Take the following log for example: (This is parsed by a grok filter into default CEF keys and extensions)

"message" => "<14>Apr 27 00:38:45 paloaltovm CEF:0|PaloAltoNetworks|PAN-OS|11.0.1|Succeeded|CONFIG|1|rt=Apr 26 2023 22:38:44 GMT deviceExternalId=63CCFFBBE1C0D07 shost=82.217.2.18 cs3= act=set duser=PaloAlto destinationServiceName=Web msg= vsys  vsys1 rulebase security rules  blabla externalId=7226424316814950417 PanOSDGl1=0 PanOSDGl2=0 PanOSDGl3=0 PanOSDGl4=0 PanOSVsysName= dvchost=paloaltovm PanOSActionFlags=0x0 cs1Label=\"Before Change Detail\" cs1={} cs2Label=\"After Change Detail\" cs2={blabla 55c6e493-a011-4556-ac9e-6f5318913d3d { to [ any ]; from [ any ]; source [ testadress ]; destination [ any ]; source-user [ any ]; category [ any ]; application [ any ]; service [ application-default ]; source-hip [ any ]; destination-hip [ any ]; tag [ tag1 ]; action allow; rule-type universal; description yoyo!; } } PanOSFWDeviceGroup=0 PanOSPolicyAuditComment=auditcommenting"

Some fields are easy to parse such as "PanOSDGl1" and "dvchost". But I would love to be able to give the field "cs2" the value:

"{blabla 55c6e493-a011-4556-ac9e-6f5318913d3d { to [ any ]; from [ any ]; source [ testadress ]; destination [ any ]; source-user [ any ]; category [ any ]; application [ any ]; service [ application-default ]; source-hip [ any ]; destination-hip [ any ]; tag [ tag1 ]; action allow; rule-type universal; description yoyo!; } }"

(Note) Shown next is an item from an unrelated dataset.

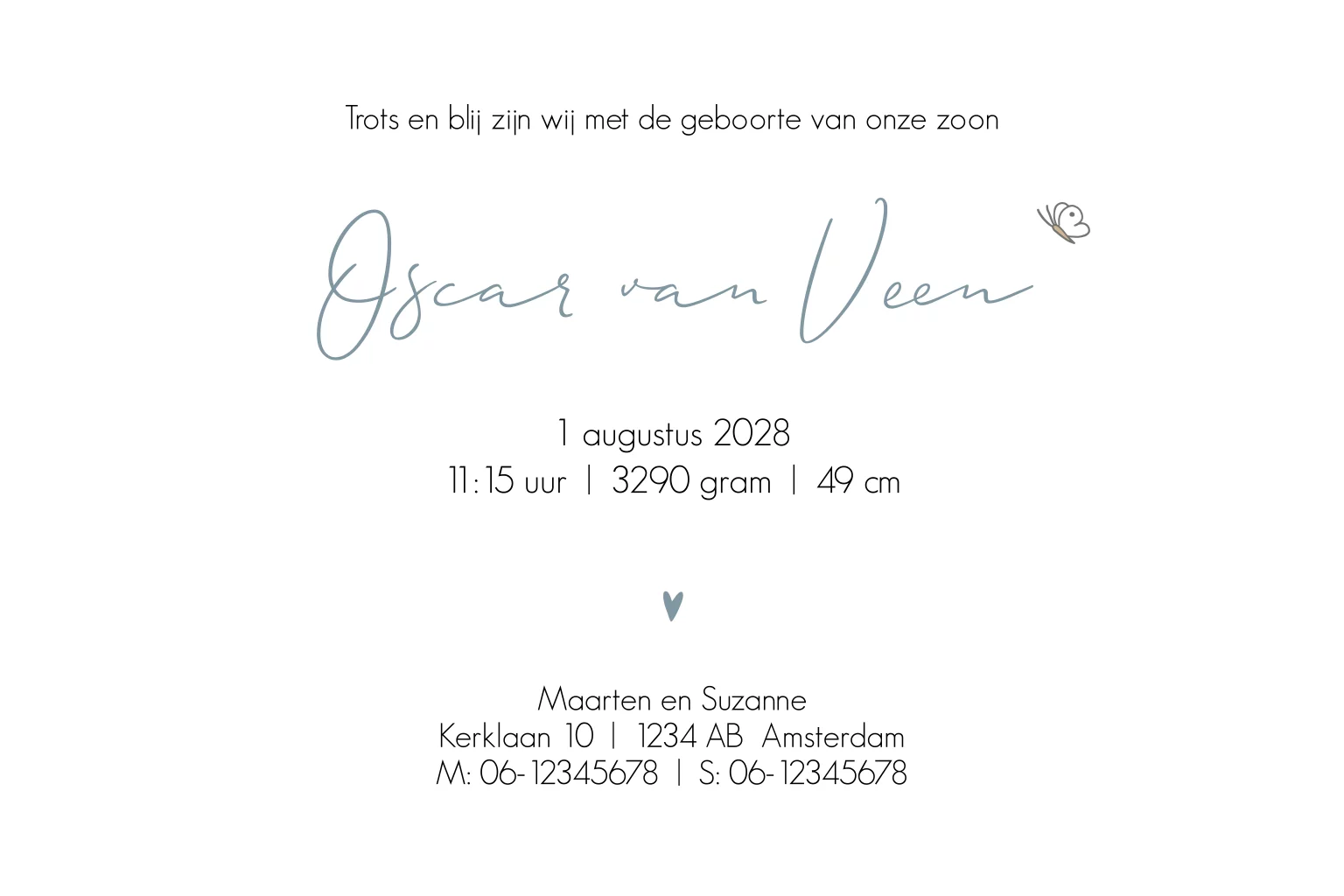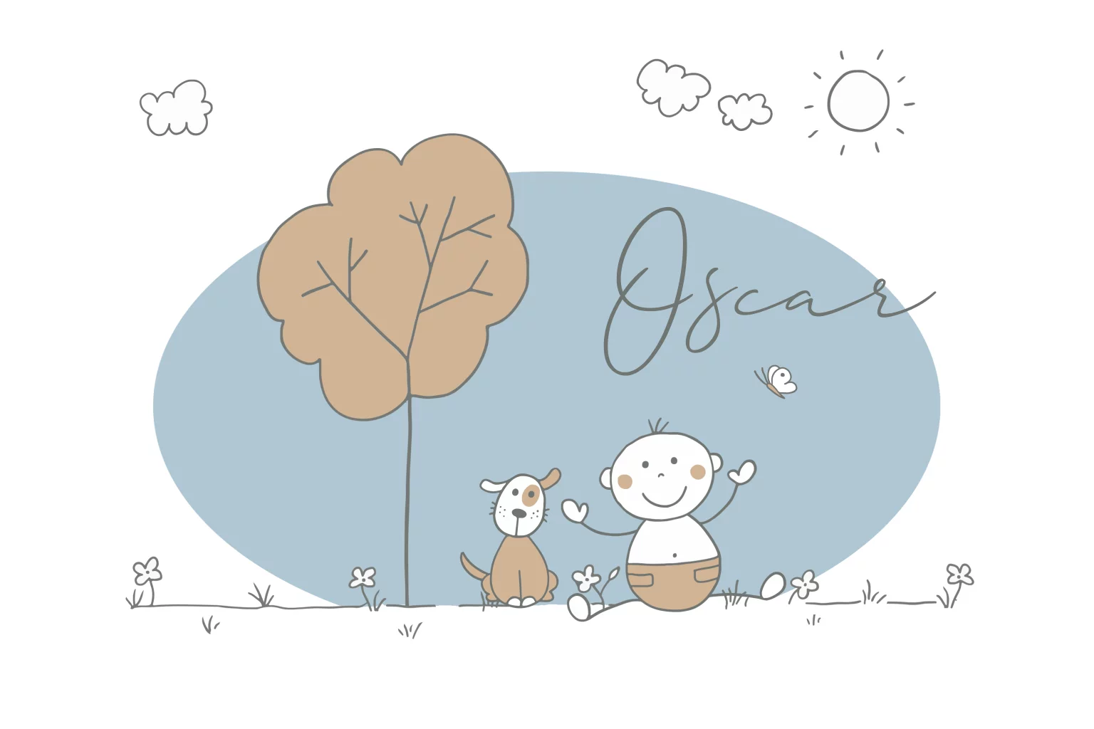Geboortekaartje voor een jongen met in lijntekening een baby met hond onder een boom met wolkjes, de zon, een vlinder, gras en bloemen op een blauwe ovaal in de achtergrond.

and field "msg" the value:

vsys vsys1 rulebase security rules blabla

I don't know a good way to handle this. I can configure the firewall (which sends the logs to Logstash) to place the value of the field "msg" in "{}", but I don't know if this will help since all other fields are parsed with the filter:

 kv {
    field_split => " "
    value_split => "="

Why not use a cef codec rather than trying to parse CEF using a kv filter? You can use a tcp output/input pair as shown here.

I have tried that but the only output that was generated is this:

CEF:0|Elasticsearch|Logstash|1.0|Logstash|Logstash|6|

That is what you would get if you used a cef codec on an output, which is not what I linked to.

Ah I see what you mean now.

It does help with the parsing of the complicated fields since it now parses the whole message.

However, it does generate multiple _grokparssingerror messages and some fields are now missing. (such as the "message" field which showed the raw log message). Also, the structure of the output seems a bit off. I checked the result after removing the grok filter, but that broke my logic filters since a lot of the if statements look at the name of fields.

Are these logs from a Palo Alto device, right? Are you able to change the format of the logs that are being sent?

If you can, I would recommend that you change it to send logs in csv, it will make it pretty easy to parse the logs.

I needed to receive logs from Palo Alto devices a couple of time ago and the first thing I asked the network team was to send the logs as csv not CEF.

Thanks for the advice! I made it work by editing the palo alto log format by not using a space as delimiter for the fields but a ";". Then using the kv filter plugin with field_split => ";" to mark the complete values.

Now the full value of each field is correctly parsed.

This topic was automatically closed 28 days after the last reply. New replies are no longer allowed.